• _Given data_:
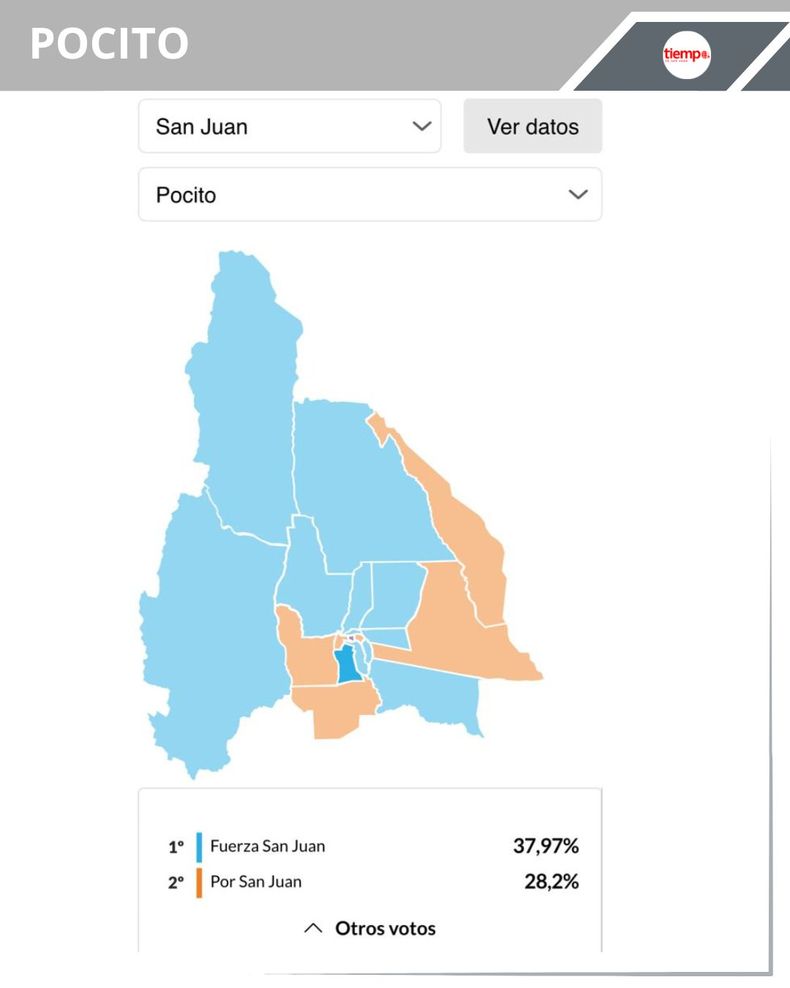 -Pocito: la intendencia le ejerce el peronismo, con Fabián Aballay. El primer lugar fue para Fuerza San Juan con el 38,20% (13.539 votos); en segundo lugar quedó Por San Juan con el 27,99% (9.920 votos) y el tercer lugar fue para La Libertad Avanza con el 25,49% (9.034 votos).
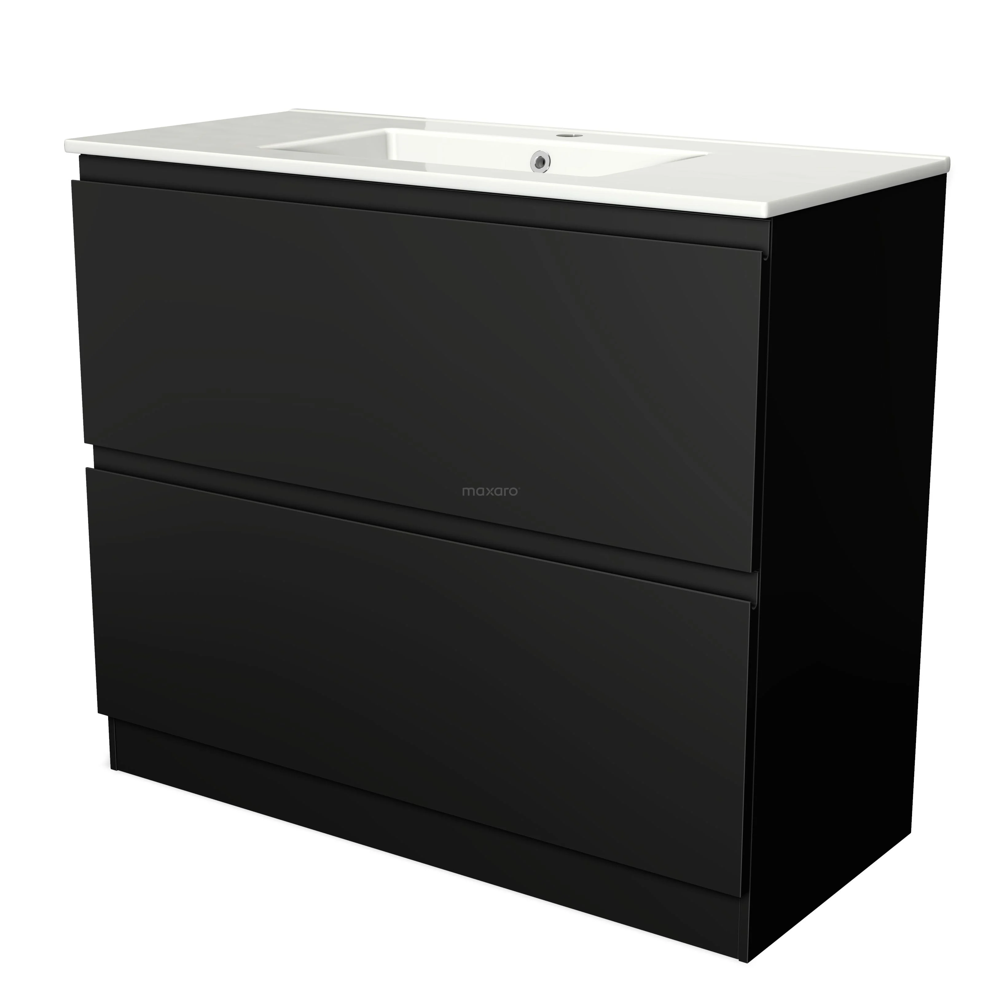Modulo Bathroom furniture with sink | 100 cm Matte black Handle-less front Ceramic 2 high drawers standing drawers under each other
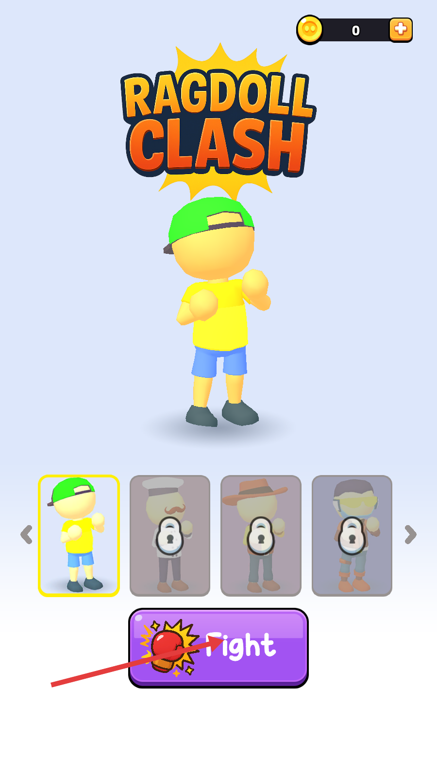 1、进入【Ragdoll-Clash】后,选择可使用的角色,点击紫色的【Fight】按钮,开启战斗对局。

...

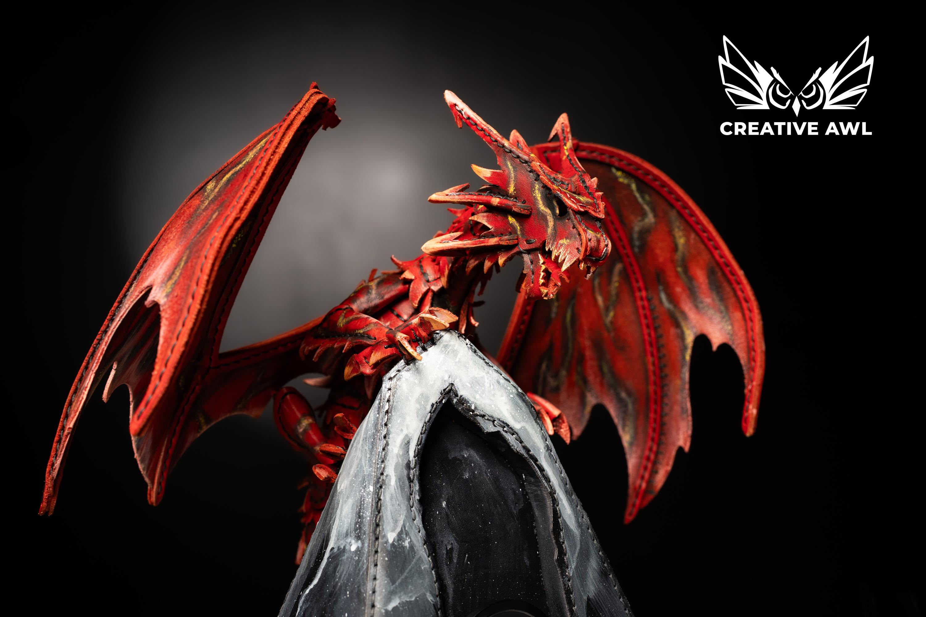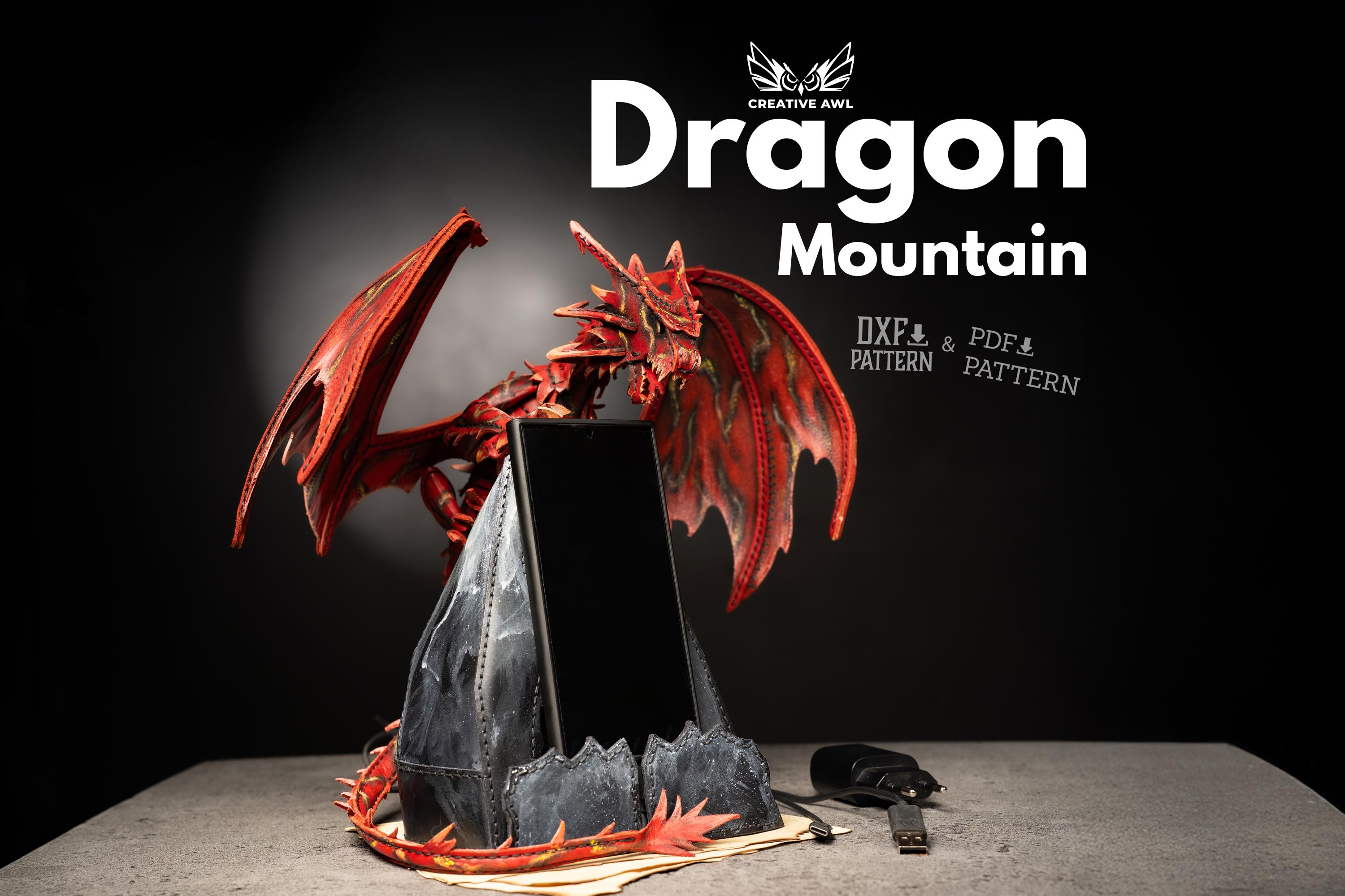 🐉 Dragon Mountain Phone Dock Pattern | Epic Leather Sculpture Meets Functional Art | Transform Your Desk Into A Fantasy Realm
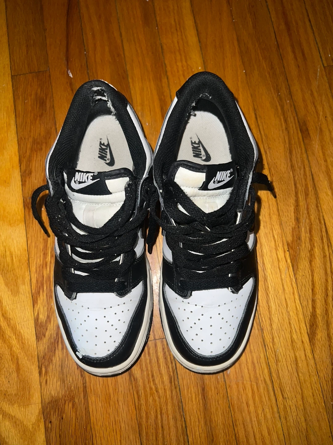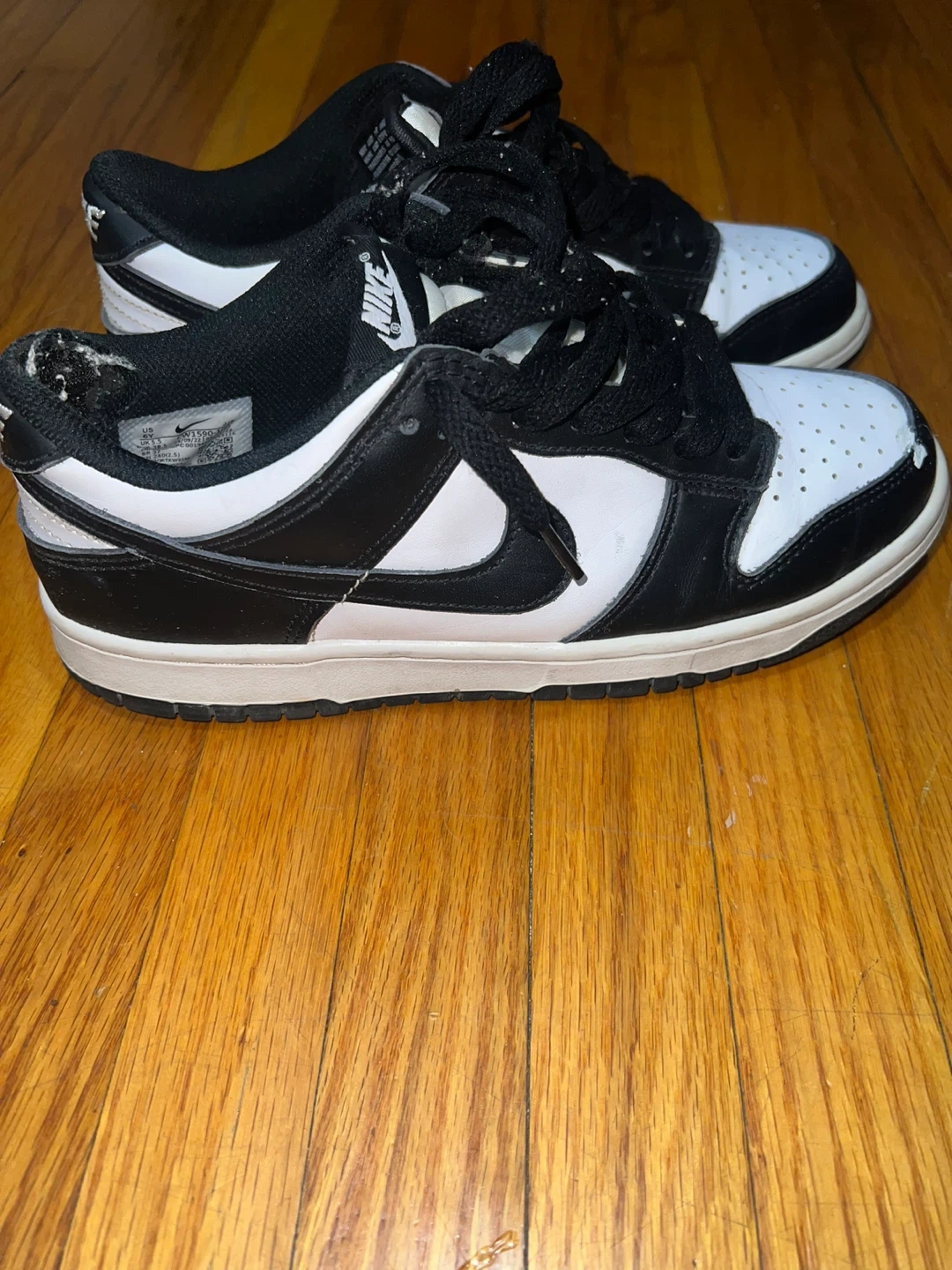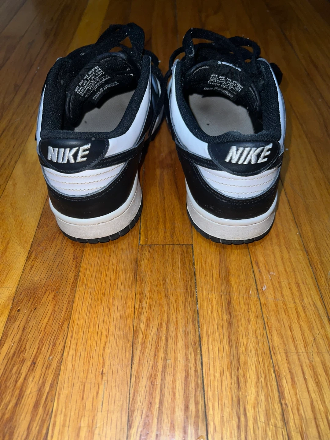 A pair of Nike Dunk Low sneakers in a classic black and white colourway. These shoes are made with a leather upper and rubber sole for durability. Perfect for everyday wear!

• _What to produce_: Please set down, exactly and with no pictures, the lines in the entries above starting at the one holding "A Fantasy Realm" and ending at the one holding "A pair of Nike", ends included.

• _Solution_:
 🐉 Dragon Mountain Phone Dock Pattern | Epic Leather Sculpture Meets Functional Art | Transform Your Desk Into A Fantasy Realm
 A pair of Nike Dunk Low sneakers in a classic black and white colourway. These shoes are made with a leather upper and rubber sole for durability. Perfect for everyday wear!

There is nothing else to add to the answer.